= Royal Memorial Church of St George =

The Royal Memorial Church of St George, Cannes, was erected in the 19th century in honour of The Duke of Albany, the son of Queen Victoria, who died in Cannes in 1884. His brother, the Prince of Wales commissioned the church to be built in his honour.
==History==
It was founded in 1886 and consecrated in the presence of the Prince of Wales a year later. Queen Victoria visited in 1887, 1891, and 1898 for the confirmation of Princess Alice. In 1970 it was sold to the city of Cannes, becoming a Roman Catholic church in 1974.

==Gothic Revival style==
In style it is early English Gothic, the work of Sir Arthur Blomfield. The statue of St George above the entrance door is by F. W. Pomeroy.

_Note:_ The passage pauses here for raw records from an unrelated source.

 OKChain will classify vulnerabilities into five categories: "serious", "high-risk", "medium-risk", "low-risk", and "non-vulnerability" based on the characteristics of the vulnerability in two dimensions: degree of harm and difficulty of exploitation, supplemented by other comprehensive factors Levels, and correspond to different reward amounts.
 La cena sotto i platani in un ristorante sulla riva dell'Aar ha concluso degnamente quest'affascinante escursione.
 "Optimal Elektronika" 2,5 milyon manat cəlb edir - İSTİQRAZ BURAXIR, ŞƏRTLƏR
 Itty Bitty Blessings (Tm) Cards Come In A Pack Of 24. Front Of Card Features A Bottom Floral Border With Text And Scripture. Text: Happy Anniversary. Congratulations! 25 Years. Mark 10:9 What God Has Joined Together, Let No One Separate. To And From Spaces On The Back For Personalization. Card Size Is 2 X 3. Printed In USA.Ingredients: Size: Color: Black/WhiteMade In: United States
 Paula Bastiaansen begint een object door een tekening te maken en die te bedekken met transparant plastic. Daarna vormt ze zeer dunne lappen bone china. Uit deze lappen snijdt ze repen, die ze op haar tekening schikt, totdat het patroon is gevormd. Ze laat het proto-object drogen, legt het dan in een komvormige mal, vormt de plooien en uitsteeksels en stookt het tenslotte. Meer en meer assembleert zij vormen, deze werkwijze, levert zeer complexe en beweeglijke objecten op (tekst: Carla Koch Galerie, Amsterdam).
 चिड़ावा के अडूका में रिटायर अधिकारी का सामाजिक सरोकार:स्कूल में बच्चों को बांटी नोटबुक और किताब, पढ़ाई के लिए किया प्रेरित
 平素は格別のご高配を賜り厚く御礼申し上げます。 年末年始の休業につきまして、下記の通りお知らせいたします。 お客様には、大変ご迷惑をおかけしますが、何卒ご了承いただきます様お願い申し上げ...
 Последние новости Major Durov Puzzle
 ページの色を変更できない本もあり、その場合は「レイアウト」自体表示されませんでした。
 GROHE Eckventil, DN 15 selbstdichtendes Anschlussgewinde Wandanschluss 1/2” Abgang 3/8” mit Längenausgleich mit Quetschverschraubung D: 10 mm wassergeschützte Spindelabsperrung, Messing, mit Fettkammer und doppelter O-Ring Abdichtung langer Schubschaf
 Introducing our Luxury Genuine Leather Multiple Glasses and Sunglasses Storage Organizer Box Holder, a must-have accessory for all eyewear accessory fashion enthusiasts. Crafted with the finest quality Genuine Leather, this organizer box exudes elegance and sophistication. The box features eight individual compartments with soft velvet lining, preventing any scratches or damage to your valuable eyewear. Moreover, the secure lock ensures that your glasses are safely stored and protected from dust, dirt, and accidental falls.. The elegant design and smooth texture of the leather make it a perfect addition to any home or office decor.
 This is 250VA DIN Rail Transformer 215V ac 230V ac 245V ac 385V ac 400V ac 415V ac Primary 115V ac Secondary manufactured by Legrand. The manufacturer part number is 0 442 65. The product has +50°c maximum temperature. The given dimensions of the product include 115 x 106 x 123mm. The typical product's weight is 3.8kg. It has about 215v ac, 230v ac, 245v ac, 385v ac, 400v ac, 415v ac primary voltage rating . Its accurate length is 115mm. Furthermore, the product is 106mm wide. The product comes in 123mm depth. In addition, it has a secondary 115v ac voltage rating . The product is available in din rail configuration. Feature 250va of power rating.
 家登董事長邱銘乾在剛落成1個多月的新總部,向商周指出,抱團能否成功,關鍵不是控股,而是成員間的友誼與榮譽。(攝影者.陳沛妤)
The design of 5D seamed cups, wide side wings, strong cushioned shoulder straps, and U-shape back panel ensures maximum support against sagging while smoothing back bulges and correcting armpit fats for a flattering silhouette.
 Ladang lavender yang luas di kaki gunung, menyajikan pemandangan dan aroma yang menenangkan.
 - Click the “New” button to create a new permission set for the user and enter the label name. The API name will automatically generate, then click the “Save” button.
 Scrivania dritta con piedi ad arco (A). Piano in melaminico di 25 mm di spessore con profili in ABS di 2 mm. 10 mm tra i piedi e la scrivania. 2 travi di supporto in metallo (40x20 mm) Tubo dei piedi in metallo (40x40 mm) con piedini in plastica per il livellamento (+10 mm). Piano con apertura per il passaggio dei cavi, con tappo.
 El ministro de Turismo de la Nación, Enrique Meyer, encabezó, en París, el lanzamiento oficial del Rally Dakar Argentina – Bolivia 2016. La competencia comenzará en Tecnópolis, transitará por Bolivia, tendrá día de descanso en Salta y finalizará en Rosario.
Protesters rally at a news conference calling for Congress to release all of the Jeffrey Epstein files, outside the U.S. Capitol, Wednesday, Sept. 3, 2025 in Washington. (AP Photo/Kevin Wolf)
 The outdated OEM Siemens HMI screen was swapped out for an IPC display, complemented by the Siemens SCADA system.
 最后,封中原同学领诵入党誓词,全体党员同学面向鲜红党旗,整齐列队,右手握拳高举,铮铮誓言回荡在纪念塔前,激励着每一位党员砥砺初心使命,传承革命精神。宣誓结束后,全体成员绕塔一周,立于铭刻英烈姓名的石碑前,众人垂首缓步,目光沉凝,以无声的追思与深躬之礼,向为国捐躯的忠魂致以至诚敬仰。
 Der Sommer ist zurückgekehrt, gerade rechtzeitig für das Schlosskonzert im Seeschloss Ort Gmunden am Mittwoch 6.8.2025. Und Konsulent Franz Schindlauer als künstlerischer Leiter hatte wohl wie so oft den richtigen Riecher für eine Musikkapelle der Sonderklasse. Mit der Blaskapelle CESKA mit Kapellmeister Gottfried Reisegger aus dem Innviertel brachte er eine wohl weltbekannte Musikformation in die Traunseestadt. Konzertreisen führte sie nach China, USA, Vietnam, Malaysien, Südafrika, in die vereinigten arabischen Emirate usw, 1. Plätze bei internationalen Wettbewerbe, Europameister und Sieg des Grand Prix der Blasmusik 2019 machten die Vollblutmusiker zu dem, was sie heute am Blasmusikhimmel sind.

"The very beautiful memorial chapel to the Duke of Albany at Cannes nears completion. It is to be opened this month. Throughout the work the Prince of Wales has taken the keenest interest, consulting with Sir Arthur Blomfield, and questioning the minutest details. In his helpers Sir Arthur has been very fortunate. Messrs. Heaton, Butler and Bayne are responsible for some of the windows, and Messrs. Powell for at least one other, while the decorations under Sir Arthur's guidance have been carried along by Mr. Charles Floyce. Mr. Floyce is a student of the old masters. Those who recall him years ago as a student at the National Gallery engaged persistently in making faithful copies of the old Italian masters — Crivelli, Fra Angelico, and Luini, whom he got to understand as a book, will be glad to know that his training has not been lost."